● **Source information**:
▬▬▬▬▬▬▬▬▬▬

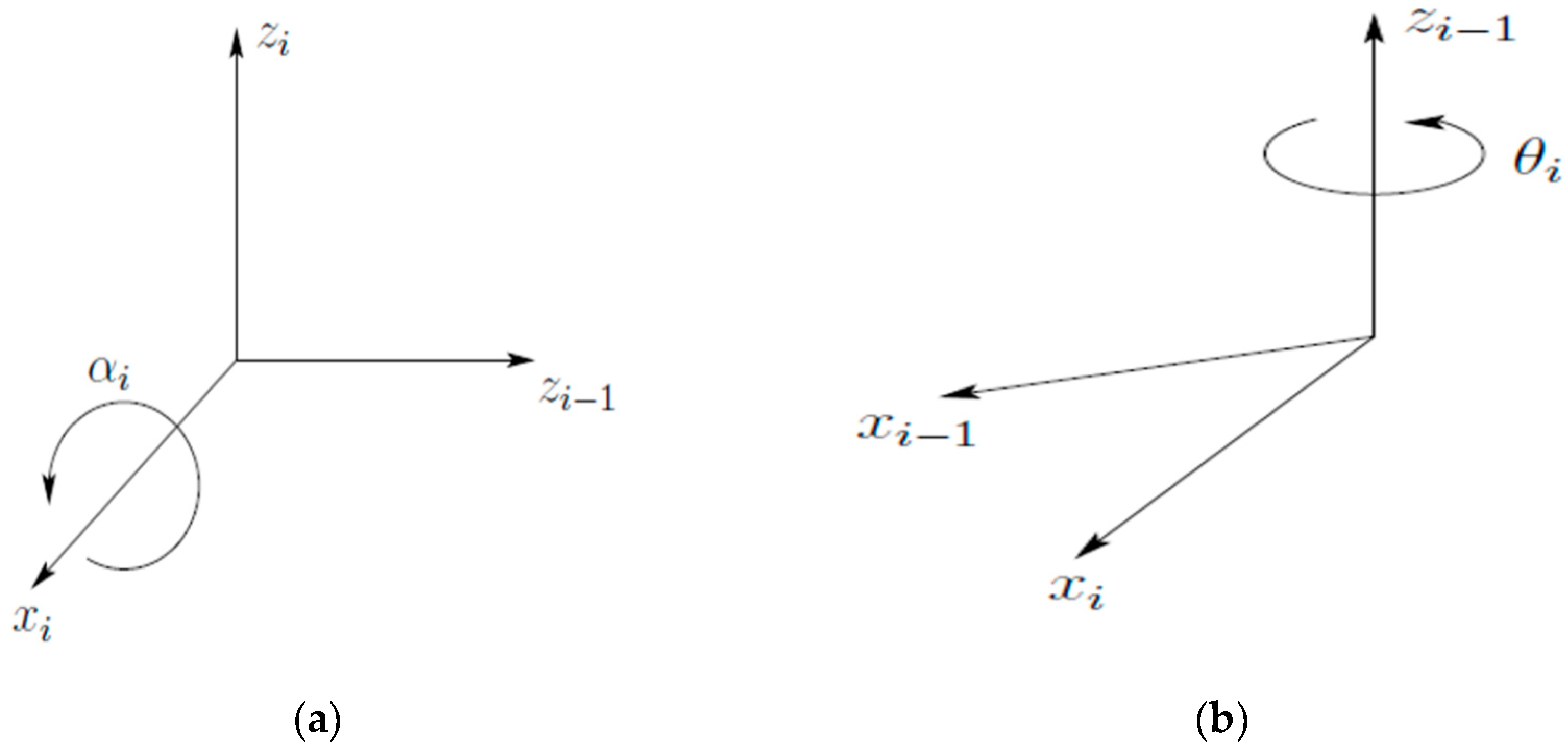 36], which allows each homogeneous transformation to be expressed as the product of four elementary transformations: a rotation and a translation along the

▬▬▬▬▬▬▬▬▬▬

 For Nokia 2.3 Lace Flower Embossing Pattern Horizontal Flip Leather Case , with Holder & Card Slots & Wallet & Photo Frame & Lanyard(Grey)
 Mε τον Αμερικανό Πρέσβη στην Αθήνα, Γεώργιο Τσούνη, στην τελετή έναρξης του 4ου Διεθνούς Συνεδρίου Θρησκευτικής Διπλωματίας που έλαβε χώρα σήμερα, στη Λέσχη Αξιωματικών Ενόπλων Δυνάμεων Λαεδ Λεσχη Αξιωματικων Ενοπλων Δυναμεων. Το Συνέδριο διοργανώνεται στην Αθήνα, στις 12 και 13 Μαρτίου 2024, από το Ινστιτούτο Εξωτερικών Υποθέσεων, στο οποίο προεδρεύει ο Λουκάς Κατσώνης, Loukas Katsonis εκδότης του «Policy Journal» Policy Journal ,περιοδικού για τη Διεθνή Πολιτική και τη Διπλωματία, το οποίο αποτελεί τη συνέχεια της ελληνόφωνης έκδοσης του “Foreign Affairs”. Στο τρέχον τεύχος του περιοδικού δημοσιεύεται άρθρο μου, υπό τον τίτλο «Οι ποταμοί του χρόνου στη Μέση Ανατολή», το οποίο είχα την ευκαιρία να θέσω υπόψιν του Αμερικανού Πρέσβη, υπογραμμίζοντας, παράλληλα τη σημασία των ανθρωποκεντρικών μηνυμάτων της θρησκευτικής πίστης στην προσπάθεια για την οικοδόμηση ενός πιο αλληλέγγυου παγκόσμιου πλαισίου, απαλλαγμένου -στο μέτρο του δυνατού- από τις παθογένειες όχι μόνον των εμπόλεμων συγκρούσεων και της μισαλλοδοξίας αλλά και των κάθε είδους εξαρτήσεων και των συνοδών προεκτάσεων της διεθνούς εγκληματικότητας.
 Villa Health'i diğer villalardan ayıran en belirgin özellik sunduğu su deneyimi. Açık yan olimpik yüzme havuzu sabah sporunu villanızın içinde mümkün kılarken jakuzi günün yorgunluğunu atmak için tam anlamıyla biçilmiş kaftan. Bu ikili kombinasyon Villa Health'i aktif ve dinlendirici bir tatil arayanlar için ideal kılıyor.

▬▬▬▬▬▬▬▬▬▬

● **What to do**:
Print exactly the lines of the listing above starting at the line containing "Mε τον Αμερικανό" and ending at the line containing "Villa Health'i diğer", both included.

● **Answer box**:
 Mε τον Αμερικανό Πρέσβη στην Αθήνα, Γεώργιο Τσούνη, στην τελετή έναρξης του 4ου Διεθνούς Συνεδρίου Θρησκευτικής Διπλωματίας που έλαβε χώρα σήμερα, στη Λέσχη Αξιωματικών Ενόπλων Δυνάμεων Λαεδ Λεσχη Αξιωματικων Ενοπλων Δυναμεων. Το Συνέδριο διοργανώνεται στην Αθήνα, στις 12 και 13 Μαρτίου 2024, από το Ινστιτούτο Εξωτερικών Υποθέσεων, στο οποίο προεδρεύει ο Λουκάς Κατσώνης, Loukas Katsonis εκδότης του «Policy Journal» Policy Journal ,περιοδικού για τη Διεθνή Πολιτική και τη Διπλωματία, το οποίο αποτελεί τη συνέχεια της ελληνόφωνης έκδοσης του “Foreign Affairs”. Στο τρέχον τεύχος του περιοδικού δημοσιεύεται άρθρο μου, υπό τον τίτλο «Οι ποταμοί του χρόνου στη Μέση Ανατολή», το οποίο είχα την ευκαιρία να θέσω υπόψιν του Αμερικανού Πρέσβη, υπογραμμίζοντας, παράλληλα τη σημασία των ανθρωποκεντρικών μηνυμάτων της θρησκευτικής πίστης στην προσπάθεια για την οικοδόμηση ενός πιο αλληλέγγυου παγκόσμιου πλαισίου, απαλλαγμένου -στο μέτρο του δυνατού- από τις παθογένειες όχι μόνον των εμπόλεμων συγκρούσεων και της μισαλλοδοξίας αλλά και των κάθε είδους εξαρτήσεων και των συνοδών προεκτάσεων της διεθνούς εγκληματικότητας.
 Villa Health'i diğer villalardan ayıran en belirgin özellik sunduğu su deneyimi. Açık yan olimpik yüzme havuzu sabah sporunu villanızın içinde mümkün kılarken jakuzi günün yorgunluğunu atmak için tam anlamıyla biçilmiş kaftan. Bu ikili kombinasyon Villa Health'i aktif ve dinlendirici bir tatil arayanlar için ideal kılıyor.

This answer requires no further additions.